Your task:
Among the entries below, the lines from the one with "你的提示应类似这样:score_9, score_8_up, score_7_up, source_furry" up to and including the one with "Piatto in vetro" are to be restated exactly, without pictures.

Available records:
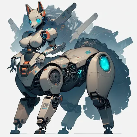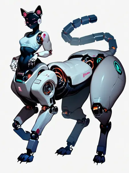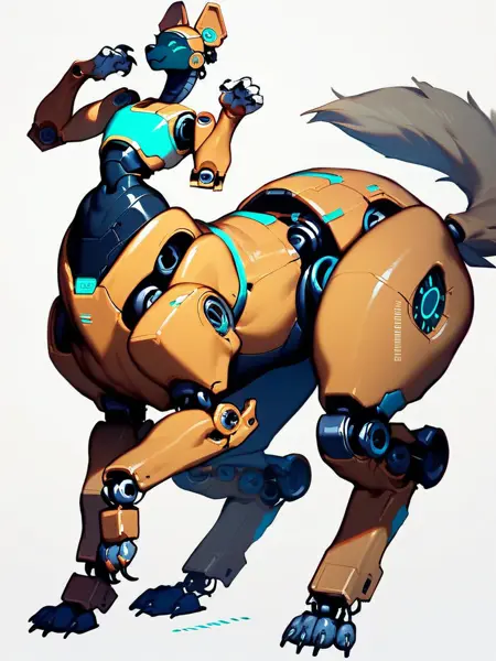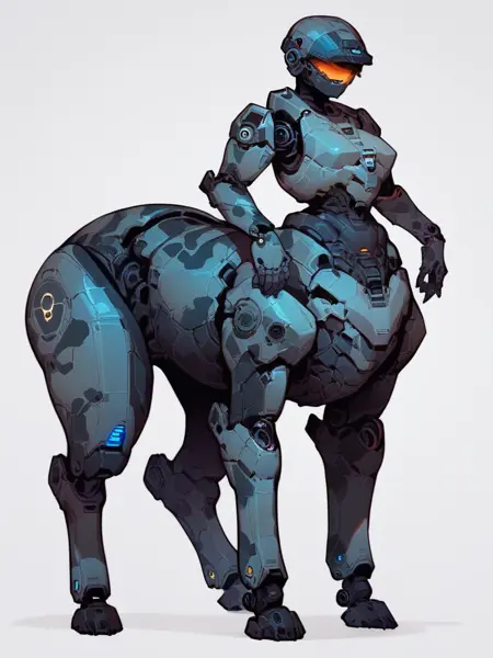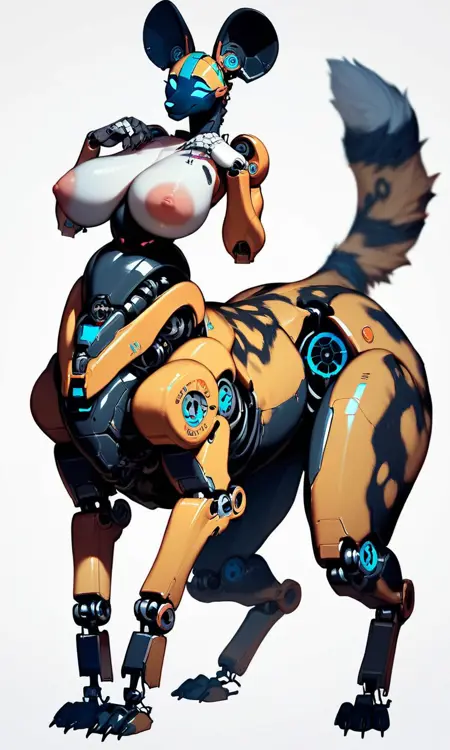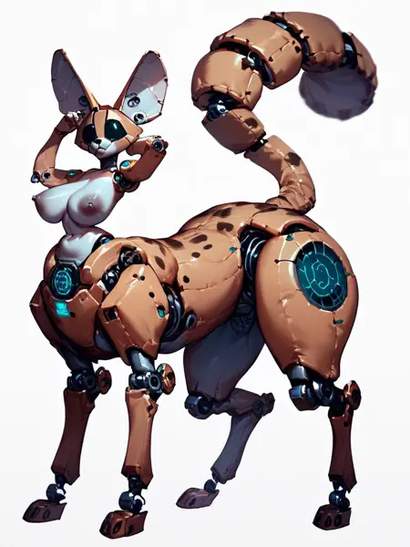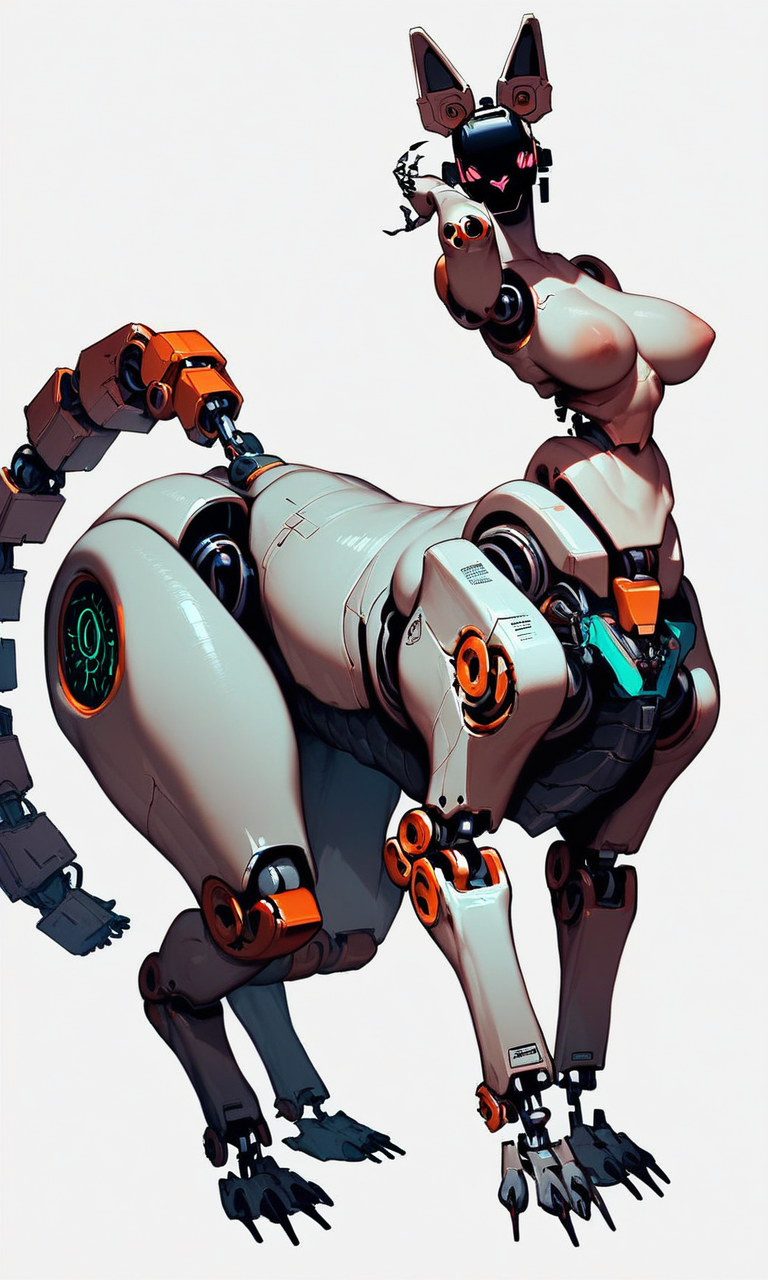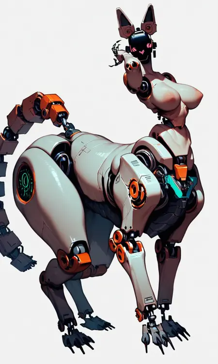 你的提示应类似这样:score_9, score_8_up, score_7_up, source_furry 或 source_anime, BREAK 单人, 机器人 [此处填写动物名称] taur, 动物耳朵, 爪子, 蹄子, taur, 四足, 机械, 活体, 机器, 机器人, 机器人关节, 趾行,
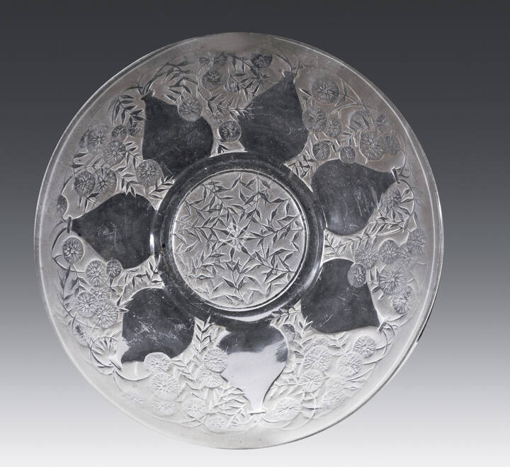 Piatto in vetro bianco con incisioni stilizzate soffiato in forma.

...

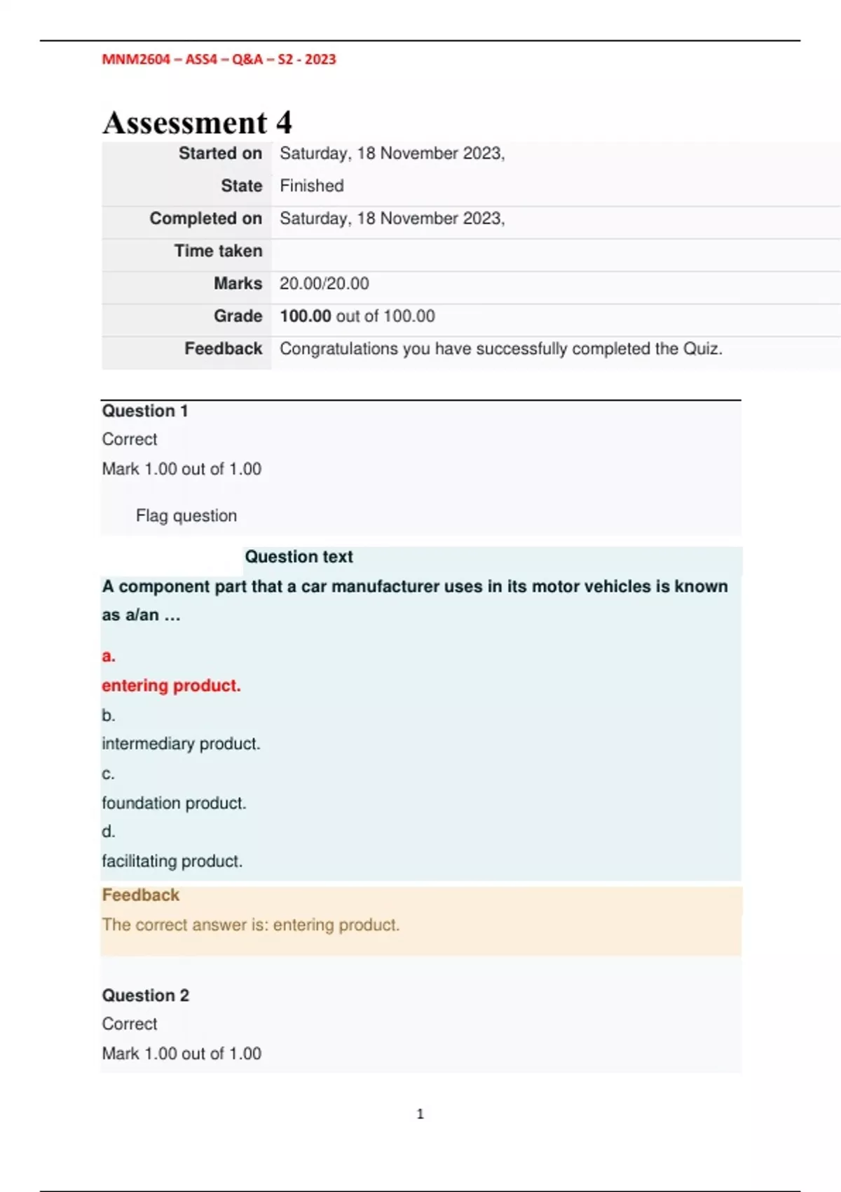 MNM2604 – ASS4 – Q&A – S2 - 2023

Exercise answer:
 你的提示应类似这样:score_9, score_8_up, score_7_up, source_furry 或 source_anime, BREAK 单人, 机器人 [此处填写动物名称] taur, 动物耳朵, 爪子, 蹄子, taur, 四足, 机械, 活体, 机器, 机器人, 机器人关节, 趾行,
 Piatto in vetro bianco con incisioni stilizzate soffiato in forma.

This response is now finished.